Information given:
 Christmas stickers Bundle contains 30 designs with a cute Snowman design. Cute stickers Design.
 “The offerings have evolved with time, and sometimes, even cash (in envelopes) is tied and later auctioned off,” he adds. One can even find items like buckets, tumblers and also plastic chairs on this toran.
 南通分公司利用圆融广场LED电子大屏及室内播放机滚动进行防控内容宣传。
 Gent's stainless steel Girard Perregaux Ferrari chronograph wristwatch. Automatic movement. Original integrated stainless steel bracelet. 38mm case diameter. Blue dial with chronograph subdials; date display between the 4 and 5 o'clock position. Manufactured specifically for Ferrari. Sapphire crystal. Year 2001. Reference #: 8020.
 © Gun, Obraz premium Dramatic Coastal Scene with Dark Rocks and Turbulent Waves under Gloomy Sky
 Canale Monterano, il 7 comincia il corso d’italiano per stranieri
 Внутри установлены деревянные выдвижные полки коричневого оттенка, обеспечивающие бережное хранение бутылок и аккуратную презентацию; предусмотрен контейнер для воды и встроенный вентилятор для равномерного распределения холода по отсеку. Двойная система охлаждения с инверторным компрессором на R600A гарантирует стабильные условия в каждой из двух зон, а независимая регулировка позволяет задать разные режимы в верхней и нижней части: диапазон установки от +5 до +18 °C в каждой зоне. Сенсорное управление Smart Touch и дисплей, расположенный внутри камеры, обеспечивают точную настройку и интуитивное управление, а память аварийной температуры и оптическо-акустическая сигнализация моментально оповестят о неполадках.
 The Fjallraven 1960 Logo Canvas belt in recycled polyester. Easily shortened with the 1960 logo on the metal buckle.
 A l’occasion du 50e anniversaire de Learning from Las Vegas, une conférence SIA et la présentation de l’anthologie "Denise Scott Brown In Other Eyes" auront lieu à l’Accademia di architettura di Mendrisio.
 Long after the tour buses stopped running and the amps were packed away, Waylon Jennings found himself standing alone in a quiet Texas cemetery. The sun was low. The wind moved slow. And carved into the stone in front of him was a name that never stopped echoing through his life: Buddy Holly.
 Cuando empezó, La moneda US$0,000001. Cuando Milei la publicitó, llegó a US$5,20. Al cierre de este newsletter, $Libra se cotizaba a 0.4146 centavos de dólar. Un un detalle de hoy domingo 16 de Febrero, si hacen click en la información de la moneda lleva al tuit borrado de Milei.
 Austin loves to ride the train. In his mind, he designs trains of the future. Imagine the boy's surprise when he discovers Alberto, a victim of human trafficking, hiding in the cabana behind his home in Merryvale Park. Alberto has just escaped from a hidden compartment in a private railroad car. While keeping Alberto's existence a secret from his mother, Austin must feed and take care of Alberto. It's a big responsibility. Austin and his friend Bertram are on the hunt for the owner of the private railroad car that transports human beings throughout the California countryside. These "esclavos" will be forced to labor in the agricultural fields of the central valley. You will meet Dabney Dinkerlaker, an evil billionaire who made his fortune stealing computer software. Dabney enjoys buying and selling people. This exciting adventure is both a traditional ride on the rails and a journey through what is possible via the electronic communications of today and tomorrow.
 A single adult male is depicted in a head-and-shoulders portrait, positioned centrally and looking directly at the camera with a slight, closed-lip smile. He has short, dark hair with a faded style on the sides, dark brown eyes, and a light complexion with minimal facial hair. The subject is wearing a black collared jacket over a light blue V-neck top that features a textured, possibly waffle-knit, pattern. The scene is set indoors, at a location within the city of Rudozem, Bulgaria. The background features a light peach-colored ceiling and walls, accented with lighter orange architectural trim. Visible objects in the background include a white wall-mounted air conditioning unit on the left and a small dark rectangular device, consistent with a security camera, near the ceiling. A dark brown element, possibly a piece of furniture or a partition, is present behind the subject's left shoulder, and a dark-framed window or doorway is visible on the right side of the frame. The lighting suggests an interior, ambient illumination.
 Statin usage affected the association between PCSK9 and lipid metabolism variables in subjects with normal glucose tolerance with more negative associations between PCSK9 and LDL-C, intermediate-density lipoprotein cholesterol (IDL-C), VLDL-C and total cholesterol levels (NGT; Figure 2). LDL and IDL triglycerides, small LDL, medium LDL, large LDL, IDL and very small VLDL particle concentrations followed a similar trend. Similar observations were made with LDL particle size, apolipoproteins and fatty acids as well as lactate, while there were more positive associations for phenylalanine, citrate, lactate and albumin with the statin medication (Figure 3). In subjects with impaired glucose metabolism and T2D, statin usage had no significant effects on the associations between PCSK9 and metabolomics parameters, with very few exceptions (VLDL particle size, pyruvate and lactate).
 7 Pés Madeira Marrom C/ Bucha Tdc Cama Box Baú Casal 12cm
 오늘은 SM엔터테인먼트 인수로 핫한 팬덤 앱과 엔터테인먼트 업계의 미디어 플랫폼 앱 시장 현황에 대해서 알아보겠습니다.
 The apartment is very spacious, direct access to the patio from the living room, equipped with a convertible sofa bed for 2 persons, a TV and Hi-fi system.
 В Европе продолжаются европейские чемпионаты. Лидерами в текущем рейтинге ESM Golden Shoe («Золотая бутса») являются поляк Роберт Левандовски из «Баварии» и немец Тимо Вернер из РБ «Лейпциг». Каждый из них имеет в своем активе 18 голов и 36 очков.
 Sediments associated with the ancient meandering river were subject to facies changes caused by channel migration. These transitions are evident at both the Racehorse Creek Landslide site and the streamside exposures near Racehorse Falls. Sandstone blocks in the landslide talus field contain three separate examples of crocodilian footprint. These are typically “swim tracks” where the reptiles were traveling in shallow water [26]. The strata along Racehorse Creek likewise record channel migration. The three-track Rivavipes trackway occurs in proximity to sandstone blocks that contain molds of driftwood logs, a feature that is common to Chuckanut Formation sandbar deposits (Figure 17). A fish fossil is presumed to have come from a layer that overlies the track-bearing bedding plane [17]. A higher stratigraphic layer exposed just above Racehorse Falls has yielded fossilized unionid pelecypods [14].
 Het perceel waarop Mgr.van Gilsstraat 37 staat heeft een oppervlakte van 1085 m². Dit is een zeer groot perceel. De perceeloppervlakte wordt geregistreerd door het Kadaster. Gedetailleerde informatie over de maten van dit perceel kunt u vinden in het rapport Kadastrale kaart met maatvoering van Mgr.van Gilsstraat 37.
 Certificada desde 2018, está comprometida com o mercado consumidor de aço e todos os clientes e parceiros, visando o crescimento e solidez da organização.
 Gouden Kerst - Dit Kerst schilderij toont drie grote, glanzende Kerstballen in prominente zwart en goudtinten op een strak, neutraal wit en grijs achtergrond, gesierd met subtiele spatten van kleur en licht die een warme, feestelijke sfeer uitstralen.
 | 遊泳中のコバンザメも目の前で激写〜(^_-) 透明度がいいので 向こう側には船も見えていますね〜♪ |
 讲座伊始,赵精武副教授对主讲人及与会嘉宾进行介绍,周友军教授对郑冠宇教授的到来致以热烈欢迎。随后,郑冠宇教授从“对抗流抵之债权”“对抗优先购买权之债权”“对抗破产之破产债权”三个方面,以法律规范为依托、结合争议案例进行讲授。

Work instructions: Beginning at the line above with "on this toran." and finishing at the line with "南通分公司利用圆融广场LED电子大屏及室内播放机滚动进行防控内容宣传。", return each line exactly and return nothing else.

Task answer:
 “The offerings have evolved with time, and sometimes, even cash (in envelopes) is tied and later auctioned off,” he adds. One can even find items like buckets, tumblers and also plastic chairs on this toran.
 南通分公司利用圆融广场LED电子大屏及室内播放机滚动进行防控内容宣传。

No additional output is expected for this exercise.